Your task: Look through the listing below for the line containing "Figure 1. Proper". Copy it and each line after it up to and including the line containing "Figure 1: Porter's Generic Value Chain", exactly, leaving out pictures.

Source data:
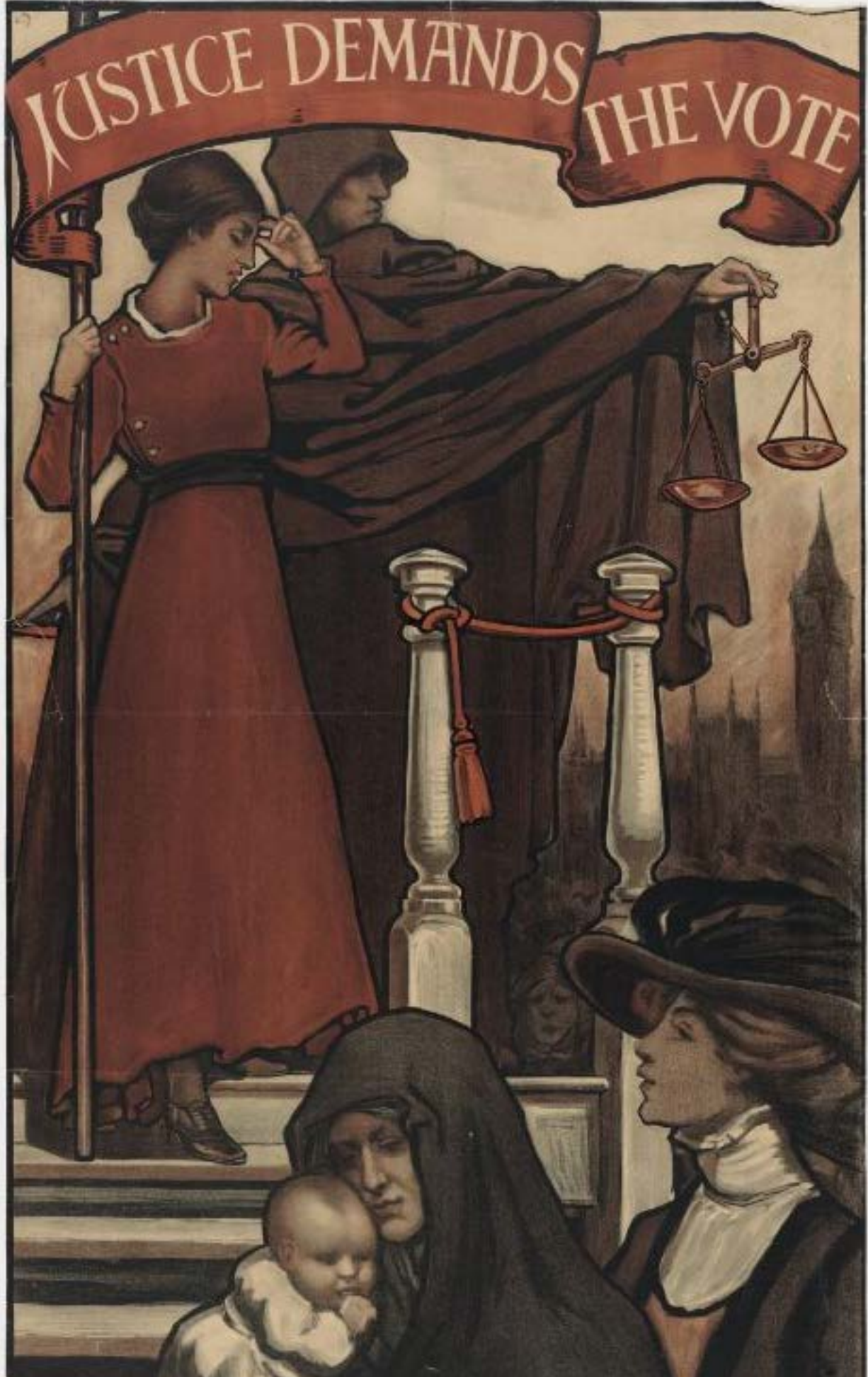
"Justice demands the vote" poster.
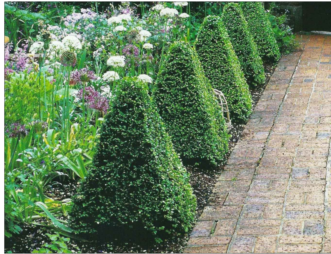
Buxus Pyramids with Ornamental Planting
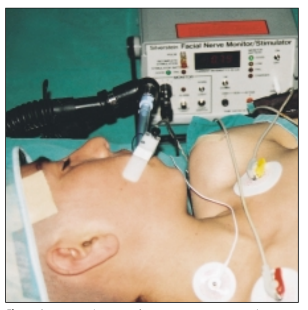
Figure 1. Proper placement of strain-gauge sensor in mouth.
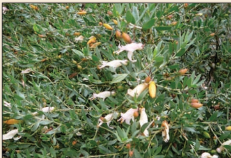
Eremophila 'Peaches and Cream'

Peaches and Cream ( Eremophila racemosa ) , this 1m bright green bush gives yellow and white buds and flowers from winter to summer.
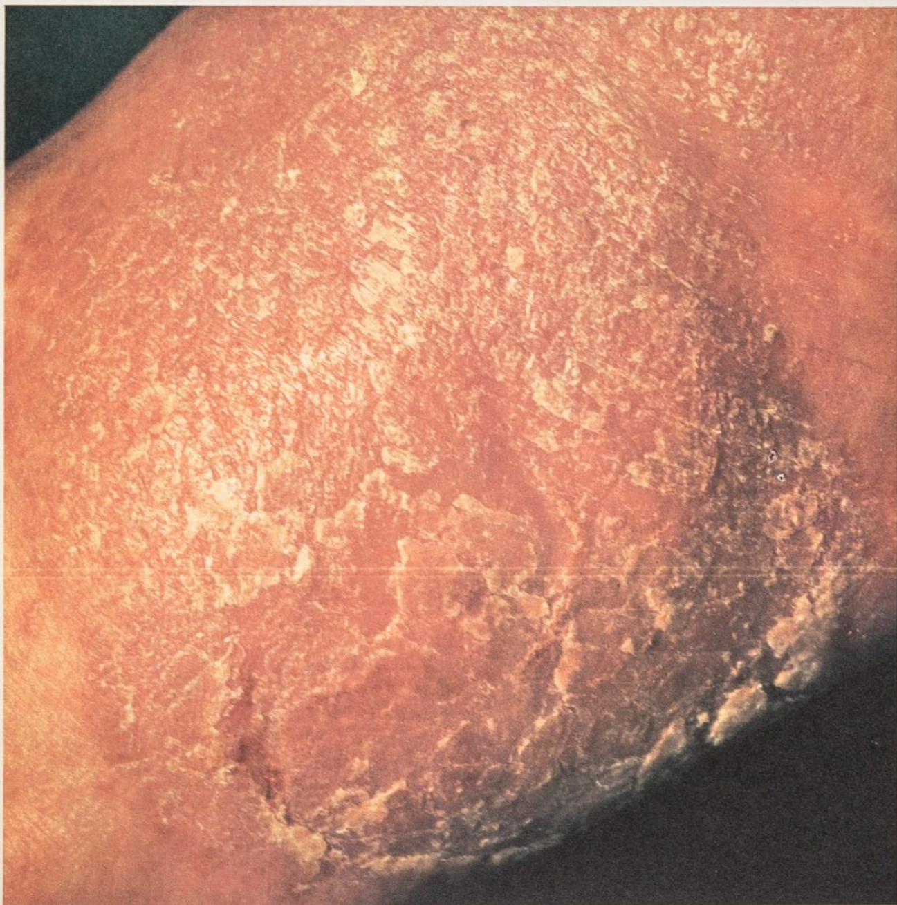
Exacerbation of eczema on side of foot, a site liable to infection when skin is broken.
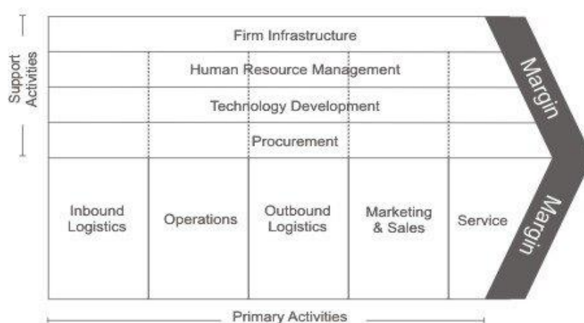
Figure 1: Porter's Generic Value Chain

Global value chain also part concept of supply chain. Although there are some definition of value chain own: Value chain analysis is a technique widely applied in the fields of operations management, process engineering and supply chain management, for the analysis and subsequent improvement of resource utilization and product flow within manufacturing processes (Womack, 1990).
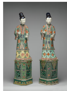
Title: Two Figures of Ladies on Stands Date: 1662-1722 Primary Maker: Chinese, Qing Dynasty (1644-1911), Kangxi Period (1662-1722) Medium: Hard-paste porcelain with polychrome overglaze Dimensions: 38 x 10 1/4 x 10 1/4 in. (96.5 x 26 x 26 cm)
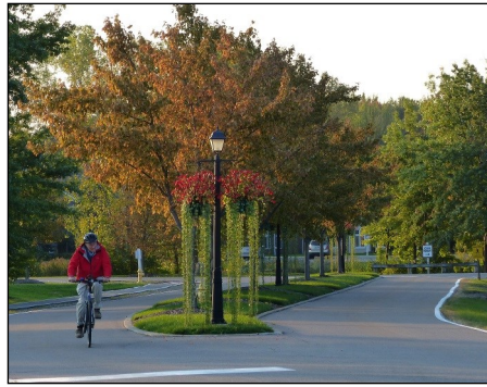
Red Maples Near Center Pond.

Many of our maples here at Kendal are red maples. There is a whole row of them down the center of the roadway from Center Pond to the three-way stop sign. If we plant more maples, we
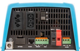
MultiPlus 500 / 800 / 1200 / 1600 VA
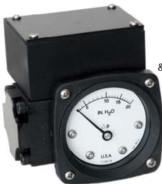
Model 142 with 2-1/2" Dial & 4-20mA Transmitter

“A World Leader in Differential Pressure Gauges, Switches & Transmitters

Result of the task:
Figure 1. Proper placement of strain-gauge sensor in mouth.
Eremophila 'Peaches and Cream'

Peaches and Cream ( Eremophila racemosa ) , this 1m bright green bush gives yellow and white buds and flowers from winter to summer.
Exacerbation of eczema on side of foot, a site liable to infection when skin is broken.
Figure 1: Porter's Generic Value Chain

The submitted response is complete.